We used Bjarne Stroustrup's C++ translator extensively for local
^^^^^^^^^^^^^^^^^^^^^^^^^^^^^^^^^^^^^^^^^^^^^^^^^^^^^^^^^^^^^^^^
testing of our programs, and Dave Kristol provided us with an ANSI
^^^^^^^^^^^^^^^^^^^^^^^
C compiler for final testing.

Since C++ requires the cast, the authors had no chance but to use it.

Dan

 

[Bob Doherty]

I am continually amazed at people who think Stroustrop (I assume this
is whom you meant) magically gets the last word in this argument. He
clearly has an interest in promoting C++, and that very likely
includes persuading C programmers to switch. What makes you think
he's an impartial observer? For that matter, what makes you think
he's right?

Stroustrop uses English carefully, and what he stated (in "The C++
Programming Language Third Edition") is subtly different, and compared
to Mark Bruno's statement above, defensible and correct. He actually
states "However, *good* C programs tend to be C++ programs. For
example, every program in Kernighan and Ritchie, The C Programming
Language, 2nd Edition, is a C++ program."(emphasis in the original).

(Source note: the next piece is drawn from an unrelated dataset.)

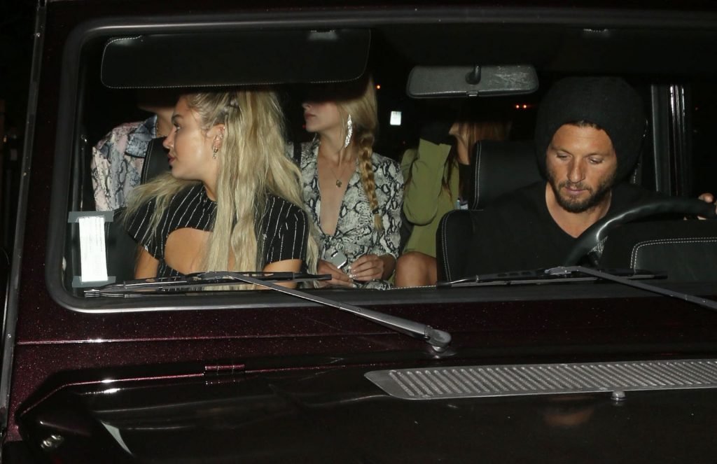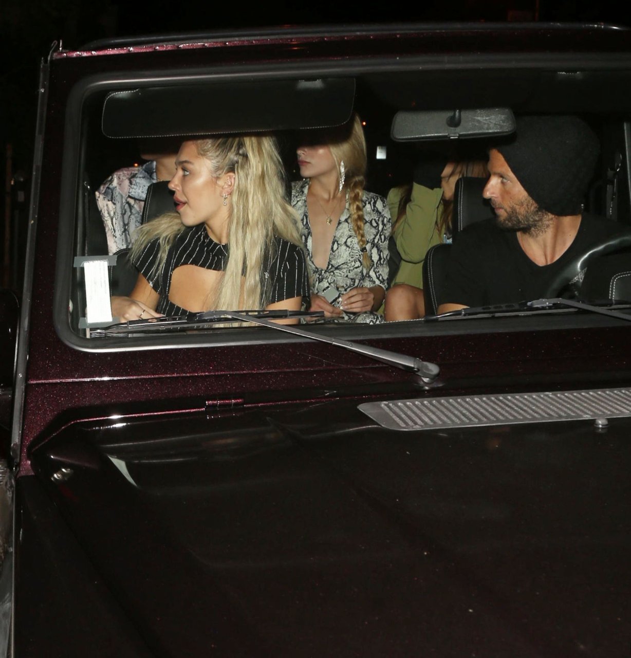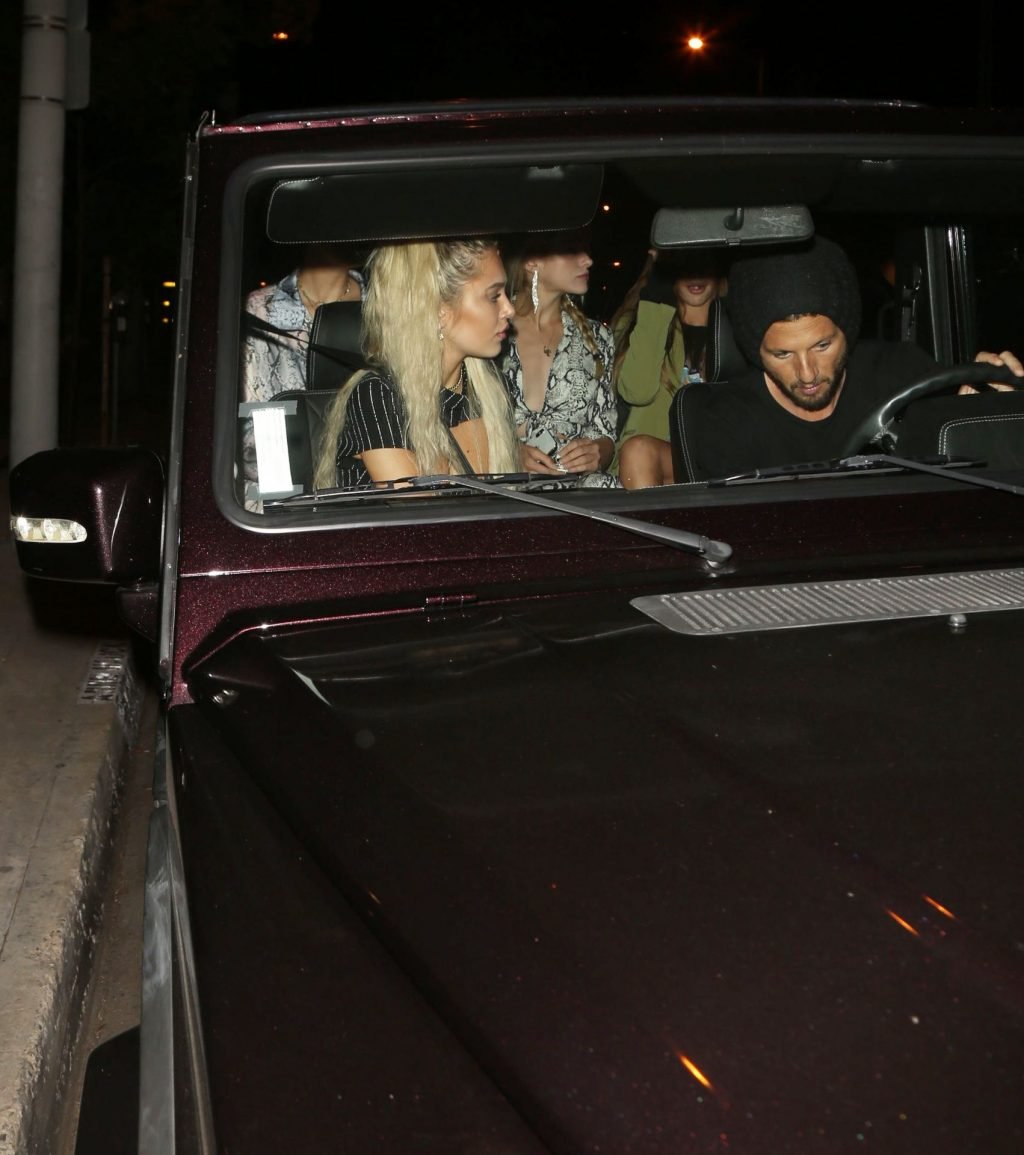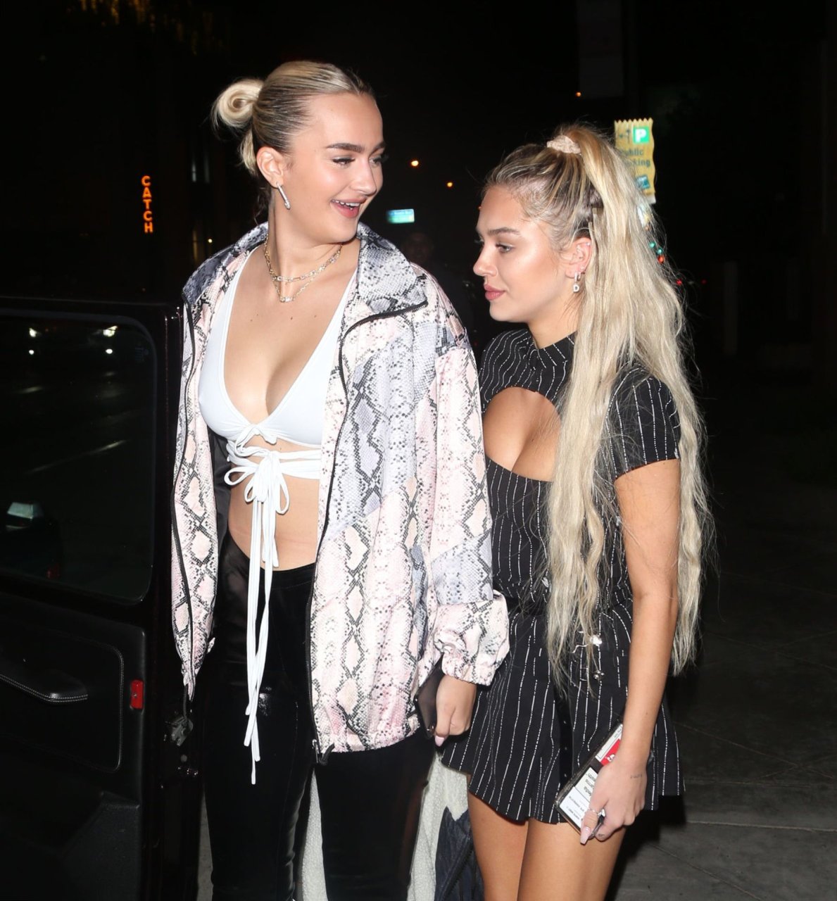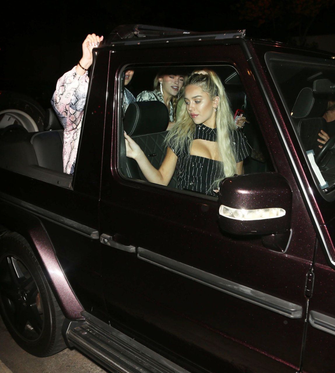 Delilah Hamlin no se siente tímida mientras muestra mucha piel durante una noche con las chicas en Hollywood, 03/05/2019. Delilah exhibe su escote y piernas con un conjunto de rayas muy revelador mientras festeja con amigas.

In an appendix he gives an exhaustive treatment of when, and why, C
programs are not C++ programs, and when the two are semantically
different.

 

[Mark McIntyre]

I'm beginning to understand the communication problem here.
I've never espoused either of these posiitons, but that seems
to be what you've read.

I'm finding it hard to read your postings in another way. You're on
record as saying you think that the casts should be there. Charitably
that puts you in group 1.

Uh yes, I *do* consider intolerance a lack of respect.

What, you don't have any coworkers or friends who have some small
thing that annoys you? Bullshit, to coin a phrase.

And yet you can be intolerant. An interesting pair of positions
to reconcile.

When you can explain why, I'll be interested to read it.